Climate Change Decimates Yellow Cedar

Warming winter weather in southeast Alaska has created a combination of conditions that's eliminating yellow cedar from low-elevation rainforests.

Dead yellow cedar trees cover 200,000 hectares (770 square miles) of coastal Alaska and extend into northern BC.

Scientists have now directly linked weather patterns with tree response over the last hundred years to document how climate change has pushed yellow cedars into a lethal predicament.

Unlike other trees in the region, yellow cedar's frost hardiness is triggered by temperature, making it particularly vulnerable to climate change. Its response to spring temperatures enables yellow cedar to get an early start on growing, giving it an edge over other northern rainforest species. There's a drawback, though. Intermittent late-winter melting can prompt yellow cedar to end its frost-hardy state prematurely.

When a maritime air mass moves over southeast Alaska, winter temperatures can climb above freezing enough to inspire yellow cedar to deharden. Periods of late-winter thawing have become more frequent and pronounced in recent decades. But bouts of freezing weather, brought by cold arctic air, have continued returning at a steady pace.

It's becoming more common, then, for freezing temperatures to be preceded by a winter warm spell. Such a cycle destroys any unprotected fine roots. With fewer roots feeding it, the tree crown suffocates, causing foliage to turn brown and die. Eventually, the entire tree succumbs. Cedars growing in bogs where water forces them to keep roots near the ground surface are particularly vulnerable to freezing.

In past centuries, yellow cedar roots were protected from cycles of thawing and freezing by an insulating blanket of snow on the ground. But as another consequence of a warmer climate, the ample precipitation in this region during winter is increasingly landing as rain rather than snow. The annual snowfall along the southeast Alaskan coastline has declined by an estimated two metres (6.5 feet) since 1900. Meanwhile, late-winter rainfall rose by 6.2 millimetres (0.08 inches) a year. It's where snow accumulation has diminished most that 79 percent of dead and dying yellow cedars have been found.

The suffering cedar trees average 240 years old and almost all began growing during the Little Ice Age, a cold period lasting several centuries. The onset of dying yellow cedars corresponds with the end of the Little Ice Age in Alaska around 1890.
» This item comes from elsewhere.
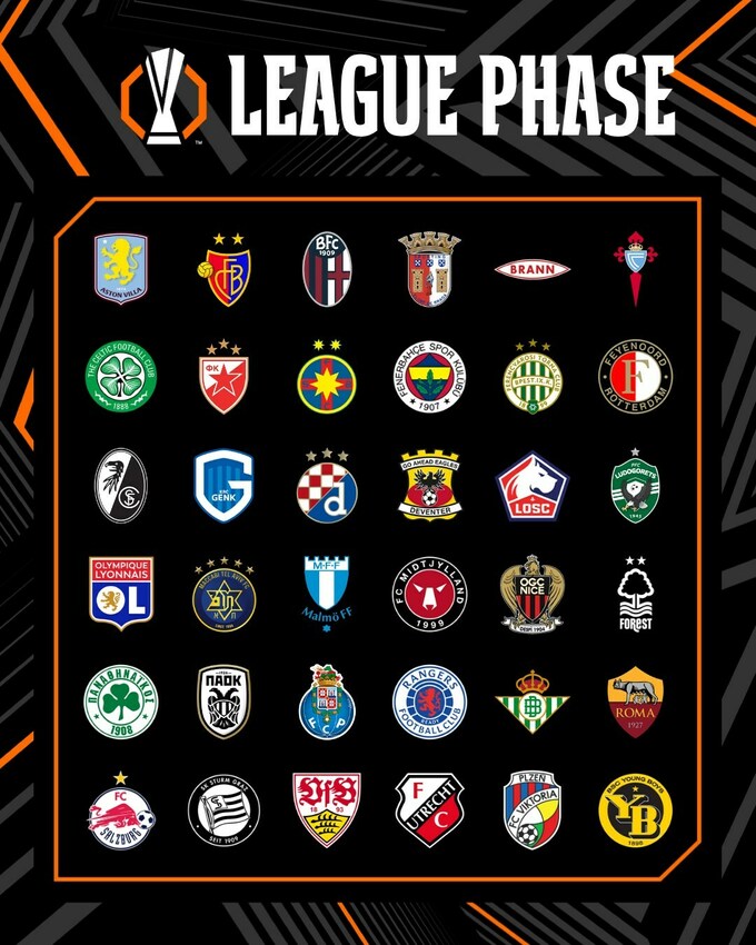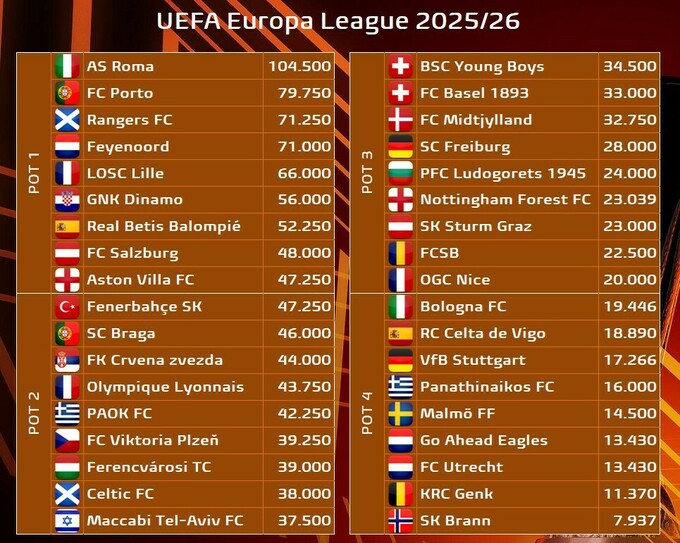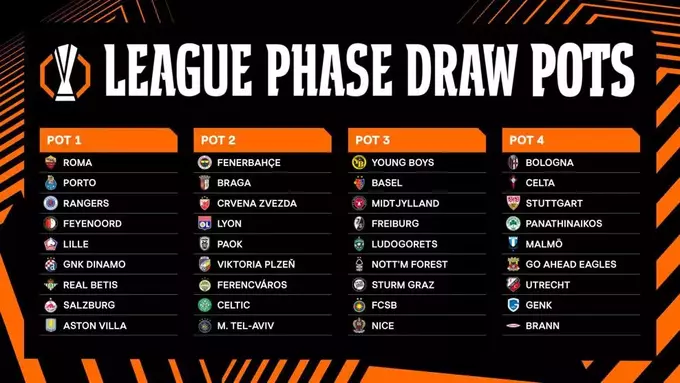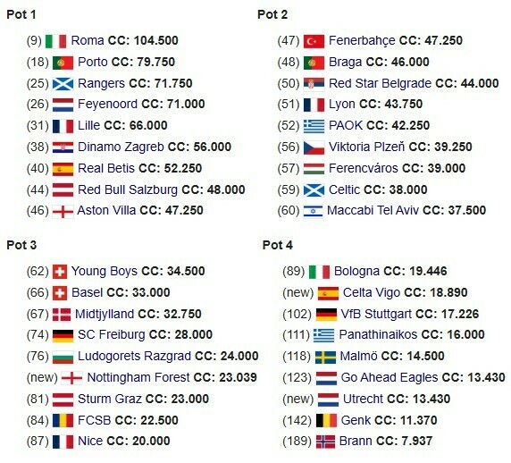 🔹 Кошик 1: Рома (Італія), Порту (Португалія), Рейнджерс (Шотландія), Феєнорд (Нідерланди), Лілль (Франція), Динамо Загреб (Хорватія), Бетіс (Іспанія), РБ Зальцбург (Австрія), Астон Вілла (Англія)

Conditions lethal for yellow cedar have arisen especially often during the last two decades. The worst period when alternating thawing and freezing temperatures coincided with little snow on the ground was early 1987. Similarly harsh circumstances also occurred in 1997, 2001 and 2003. The 1987 episode is marked by snags dating from that time and extremely little growth in those cedars that did survive.
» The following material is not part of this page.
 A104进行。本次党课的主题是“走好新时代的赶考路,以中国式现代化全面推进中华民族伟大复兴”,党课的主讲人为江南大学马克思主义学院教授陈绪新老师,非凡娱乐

So far, most Alaskan forests above 300 metres (985 feet) elevation have escaped the trauma induced by climatic warming. Farther up the mountain sides, the weather remains cool and the snowpack gets deep. As the climate continues warming though, researchers are already observing the dying cedars spreading up Alaska's hillsides.

Reference

Colin M. Beier, Scott E. Sink, Paul E. Hennon, David V. D'Amore and Glenn P. Juday. 2008. Twentieth-century warming and the dendroclimatology of declining yellow-cedar forests in southeastern Alaska. Canadian Journal of Forest Research. 38(6): 1319-1334.